Выбрать главу
История привыкла чудесить с людьми в этом самом, самом мире.
В лагере, где-нибудь на Каме, он щелкнет в последний раз каблуками, и ведомость сдаточную заполнит, и целый эшелон заполнит.
И родина, дымкой сентиментальной за давностью лет покрытая прочно, примет его после всех метаний и дело ему подыщет срочно.

ПОЛЬЗА ПРИВЫЧЕК

Привычки необходимы — домашняя мебель чувств, домашние туфли страстей, разношенные, незамечаемые. По рельсам этих привычек веселым трамваем мчусь — вперед по привычным рельсам в привычное незнаемое.
Привычка как электричка — по расписанию ходит. Привычка словно спичка — зажжется почти всегда. В этой привычке к привычке спасение находят, поскольку привычное горе уже почти не беда.

ПОСЛЕДНЕЕ ПОКОЛЕНИЕ

Татьяне Дашковской

Выходит на сцену последнее из поколений войны — зачатые второпях и доношенные в отчаянии, Незнамовы и Непомнящие, невесть чьи сыны, Безродные и Беспрозванные, Непрошеные и Случайные.
Их одинокие матери, их матери-одиночки сполна оплатили свои счастливые ночки, недополучили счастья, переполучили беду, а нынче их взрослые дети уже у всех на виду.
Выходят на сцену не те, кто стрелял и гранаты бросал, не те, кого в школах изгрызла бескормица гробовая, а те, кто в ожесточении пустые груди сосал, молекулы молока оттуда не добывая.
Войны у них в памяти нету, война у них только в крови, в глубинах гемоглобинных, в составе костей нетвердых.
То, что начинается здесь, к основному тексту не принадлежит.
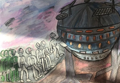 Пуэйла не могла больше молчать: – Мне рассказывала про неё астронавт Извейла. Она совершала полёт в составе медицинской экспедиции, которая следовала на эту планету. Этот полёт чуть не стоил ей жизни. Там внезапно разразилась эпидемия. Вирус был неизвестен, что осложняло борьбу с ним. Сама планета не могла с эпидемией справиться, поэтому послали межпланетную помощь. Это была целая армия врачей. Грузовые корабли везли противовирусные установки, перевязочный материал и защитные скафандры, чистое питьё и лекарства и ещё много разных вещей: медицинскую одежду, маски, халаты и прочее. У астронавта Извейлы очень крепкие нервы, но и они сдали, после того, что экспедиция увидела на конечном пункте назначения. Все двери домов были закрыты, кругом ни души. В начале, прибывшие люди растерялись, но потом собрались и начали действовать. Они проверяли населённый пункт, за пунктом; город за городом, но везде находили только пустые жилища. Обрабатывая каждый участок, они находили мёртвых людей, выполняли обряд захоронения и шли дальше. Страх усиливался ещё и тем, что по улицам бродило множество одичавших домашних кошек и собак, шерсть на них висела клоками. Никто не мог дать гарантии, что они не заражены бешенством. В одном из городов они нашли людей. Много людей. Но эти люди были почти безнадёжны. Болезнь не пощадила ни стариков, ни детей, ни животных. Помощь пришла к ним слишком поздно. Но медики принялись за работу. День за днём они вели борьбу за жизнь каждого человека. Наконец, страшная картина начала меняться. Люди открывали глаза и не понимали, где они находятся. Один старичок даже пошутил, обращаясь к Извейле, которая была в защитном костюме: – У вас, в преисподней тоже есть свой дом моделей? – Извейла, не поняв его юмора, ответила строго: – Вам нельзя говорить! Берегите силы! – После возвращения бабушка была на нервном срыве. Она долго не могла забыть эту планету, – Пуэйла замолчала. – Зачем нас сажают на эту планету? Зачем? – добавила она. Гуппи задумался: «На складе, который я осматривал, тоже было много похожих вещей». Он решил рассказать товарищам об увиденных вещах на складе: – Я обследовал помещения, которые мне удалось открыть. Они поразили меня своим вмещением и вот, что я обнаружил в них: они забиты материалами, о которых говорила Пуэйла. К тому, что везла экспедиция Извейлы, на этом корабле добавлены установки с насосами и металлические роботы с крестами на костюмах. Может, ещё что-нибудь обнаружу, когда вскрою остальные помещения? Видимо, мы должны оставить эти запасы на планете Цепран и проследовать дальше. Не будем отчаиваться, эпидемия была давно, будем надеяться, что у нас заберут груз и выпустят нас следовать дальше. Займите, свои места, мы приступаем к посадке. – Корабль встал, как вкопанный. Выполнив формальности, командир приступил к открытию шлюзов. Только он успел набрать команду, как заработала связь, и голос диспетчера сообщил: – Центральный шлюз не открывать, ждите дальнейших указаний. Команда отправилась отдыхать. – По всей вероятности, нам даже не дадут выйти. Что же твориться на этой планете? – заметил Гуппи. – Хорошо, что нам не дадут выйти, – ответила Пуэйла. Жюль, в это время просматривала сводки в автономной считке, как на рабочем компьютере появилось сообщение из Межпланетного центра: – Космоинтернет! – закричала он

Их вытолкнули на свет божий, скомандовали: живи! В сорок втором, в сорок третьем и даже в сорок                                                                                   четвертом.
Они собираются ныне дополучить сполна все то, что им при рождении недодала война. Они ничего не помнят, но чувствуют недодачу. Они ничего не знают, но чувствуют недобор. Поэтому все им нужно: знание, правда, удача. Поэтому жёсток и краток отрывистый разговор.

АВТОМАТ

Покатился гривенник по желобу, по тому, откуда не сойти, предопределенному, тяжелому пути.
Он винты какие-то задел и упал в подставленную сетку, вытолкнув — таков его удел — газетку.
Прочитав ее, по своему желобу я покатился вяло и не удивлялся ничему нимало.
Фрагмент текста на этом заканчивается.